Esse sentimento prevalecente do povo português, apesar de ter sofrido um período de dominação filipina, de 1580 a 1640, continua a persistir contra todas as adversidades, fazendo de Portugal uma das nações mais velhas da Europa e permitindo que Portugal e Espanha vivam harmoniosamente em paz e sossego.

No que respeita a Goa, pouco mais de sessenta anos volvidos após a sua invasão, as feridas ainda sobrantes continuam a ser cicatrizadas, e os Estados soberanos de Portugal e da Índia, esquecendo as desavenças do passado, mantêm, presentemente, excelentes relações bilaterais.

Contudo, mesmo que o Estado autónomo de Goa, um dia venha a ser completamente independente, Goa jamais tornará a ser portuguesa, porque as longas marés da história lavam os sentimentos e absorvem as emoções impedindo o regresso ao passado.

Das três invasões, a castelhana saiu derrotada, a indiana vitoriosa e a russa, por enquanto ninguém sabe qual será o seu desfecho mas, por mais poderoso que seja o exército invasor, a Ucrânia será sempre aquilo que o seu povo quiser.
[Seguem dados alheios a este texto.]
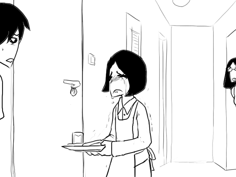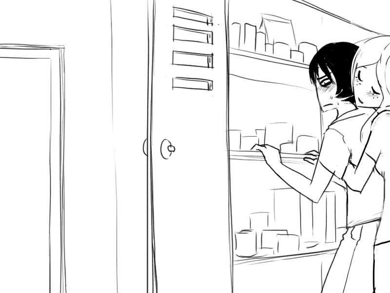 >"..Oh, uh.. I was trying to look for something to drink, but I see you only keep.. well, not drinks in here."

Todavia, neste momento tão dramático, o imperioso não é saber quem será o vencedor, porque perdem ambos e a humanidade com eles, mas acabar urgentemente com a guerra e fazer todos os possíveis para que russos e ucranianos vivam em paz e sossego, assim como Portugal fez com a Índia e com a Espanha, apesar de ter participado nas guerras e invasões no passado.